- Exercise directions
Would you write out each line of the material below exactly, skipping every picture?

- Dataset content
────
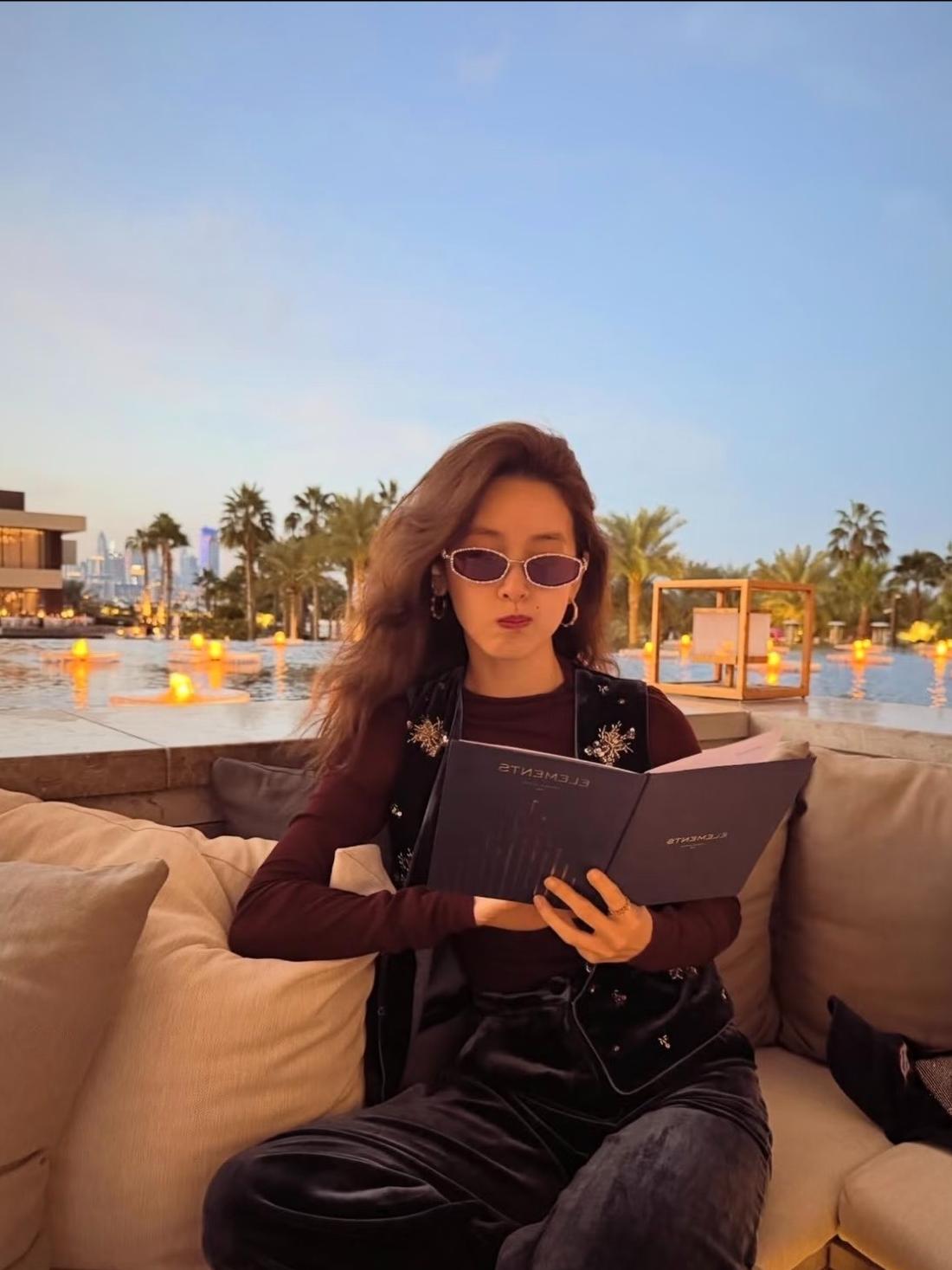 她晒出的书单封面隐约可见《艺术史概论》烫金标题,手边阿拉伯风格铜盘里盛着酒店特制的椰枣甜品。最耐人寻味的是那张插着"18"数字蜡烛的蛋糕照片,配文"今年的18岁过得好快",让人想起一个月前她素颜庆生时穿的oversize针织衫。迪拜的奢华背景与这种自嘲式幽默形成的反差,恰恰成了当代网友最买账的"凡尔赛"新范式。
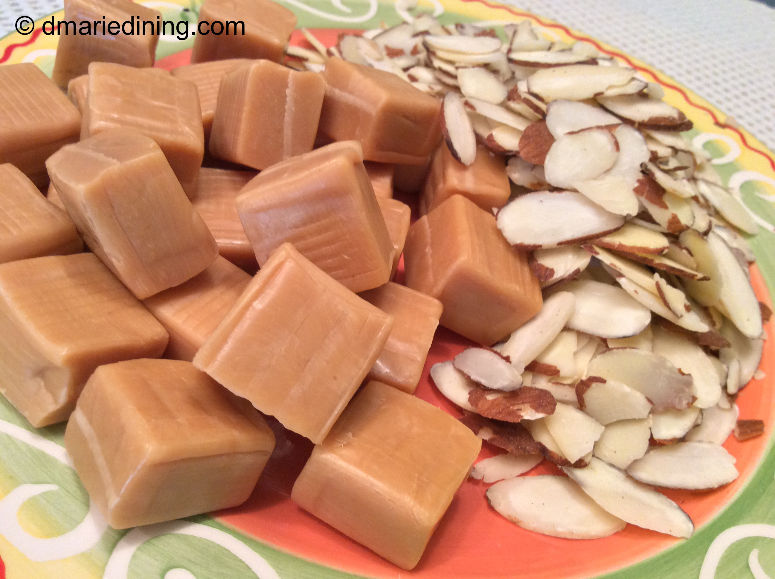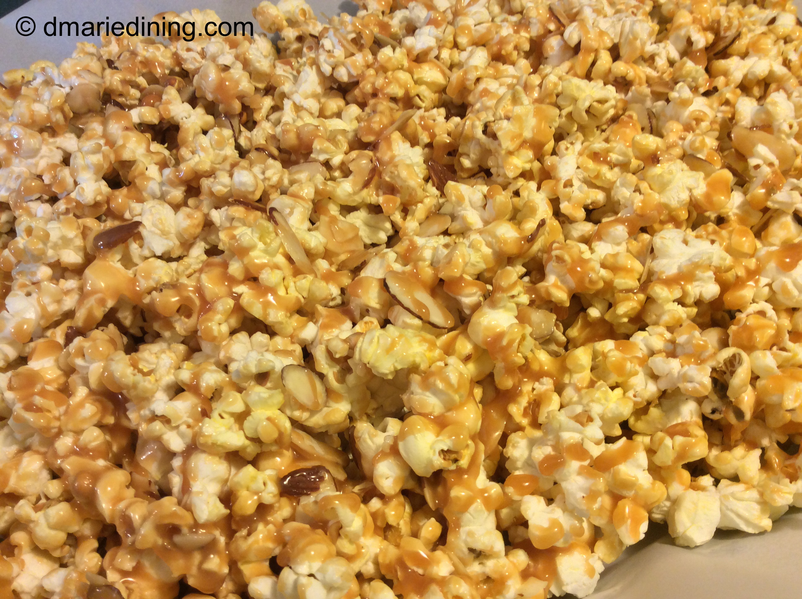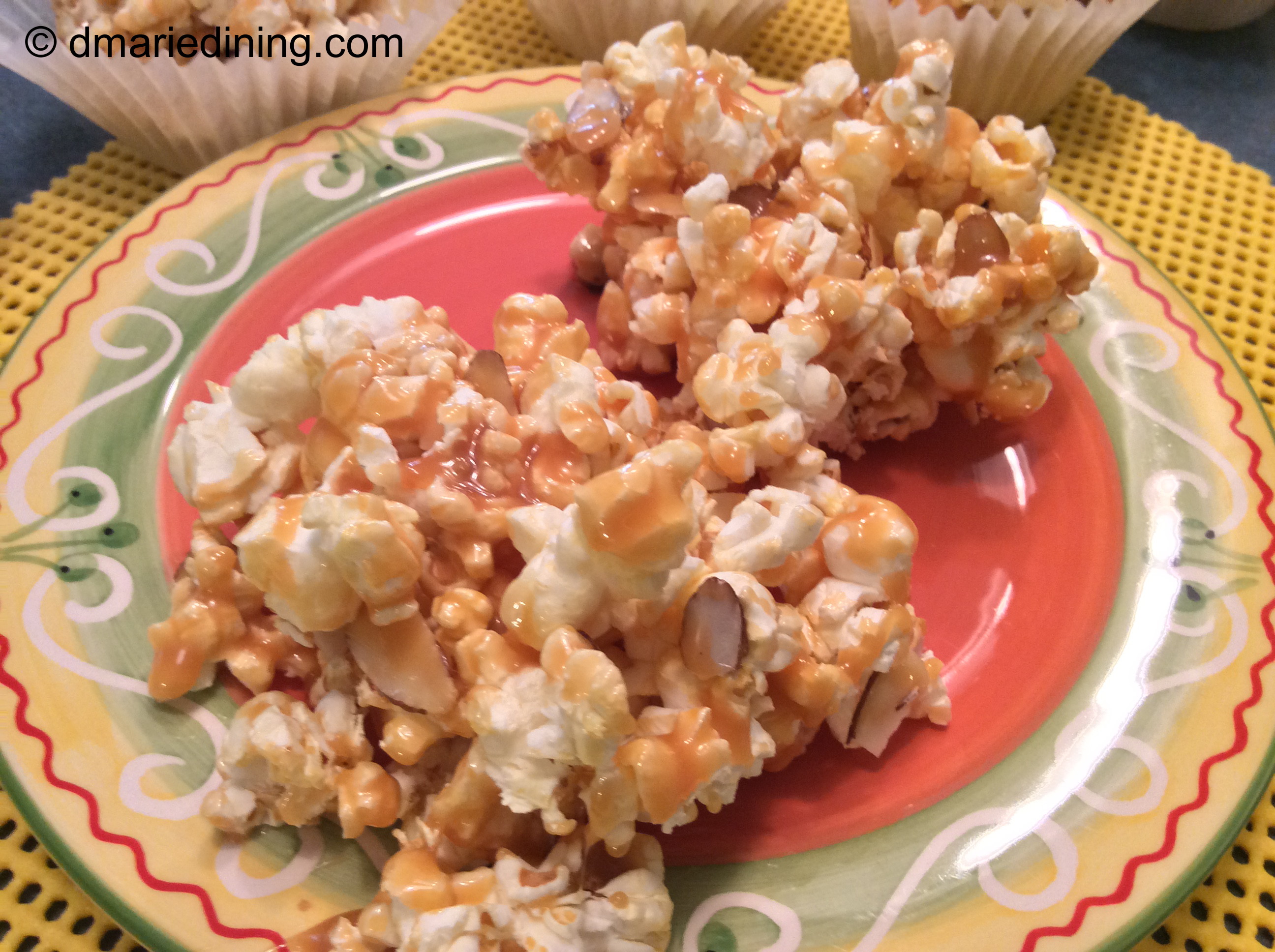 The other day when I was searching through the pantry for some pasta I ran across a few boxes of microwave popcorn. I started wondering what I could do to the microwave popcorn to make it more appealing. The first thing that came to mind was the big bin of caramels I saw at the grocery store the last time I was there. Usually, I would just use caramels to make caramel apples or apple crisp. However, the thought of mixing the caramels with popcorn and sliced almonds seemed like a pretty good idea. Instead of making caramel corn (which is a little too sweet for me), I decided to make Caramel Popcorn Balls which had only a hint of caramel and nuts.
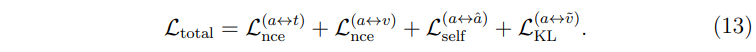 - KL Divergence를 활용하여 오디오-시각 유사도 점수가 시각-텍스트 유사도 점수를 모방하도록 함
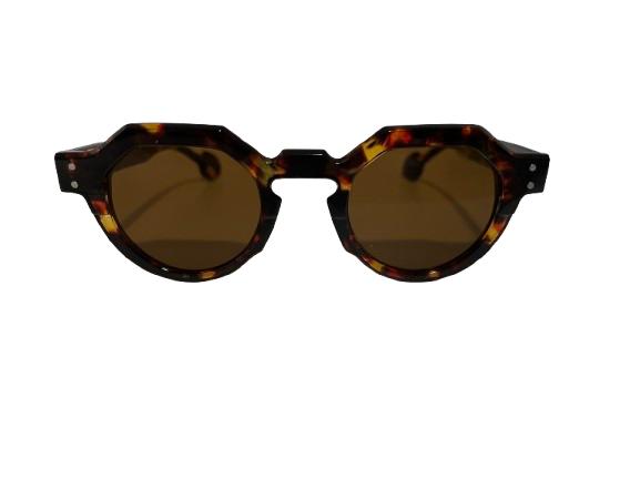 Audaces y sofisticadas: gafas de sol geométricas en carey con lentes oscuras. Su diseño único combina formas angulares con una montura en tonos ámbar y marrón, creando un look moderno y elegante. Las patillas gruesas y los detalles metálicos aportan carácter, mientras que los cristales oscuros ofrecen protección solar eficaz. Ideales para quienes buscan destacar con estilo propio.
────
- Answer to the exercise
 她晒出的书单封面隐约可见《艺术史概论》烫金标题,手边阿拉伯风格铜盘里盛着酒店特制的椰枣甜品。最耐人寻味的是那张插着"18"数字蜡烛的蛋糕照片,配文"今年的18岁过得好快",让人想起一个月前她素颜庆生时穿的oversize针织衫。迪拜的奢华背景与这种自嘲式幽默形成的反差,恰恰成了当代网友最买账的"凡尔赛"新范式。
 The other day when I was searching through the pantry for some pasta I ran across a few boxes of microwave popcorn. I started wondering what I could do to the microwave popcorn to make it more appealing. The first thing that came to mind was the big bin of caramels I saw at the grocery store the last time I was there. Usually, I would just use caramels to make caramel apples or apple crisp. However, the thought of mixing the caramels with popcorn and sliced almonds seemed like a pretty good idea. Instead of making caramel corn (which is a little too sweet for me), I decided to make Caramel Popcorn Balls which had only a hint of caramel and nuts.
 - KL Divergence를 활용하여 오디오-시각 유사도 점수가 시각-텍스트 유사도 점수를 모방하도록 함
 Audaces y sofisticadas: gafas de sol geométricas en carey con lentes oscuras. Su diseño único combina formas angulares con una montura en tonos ámbar y marrón, creando un look moderno y elegante. Las patillas gruesas y los detalles metálicos aportan carácter, mientras que los cristales oscuros ofrecen protección solar eficaz. Ideales para quienes buscan destacar con estilo propio.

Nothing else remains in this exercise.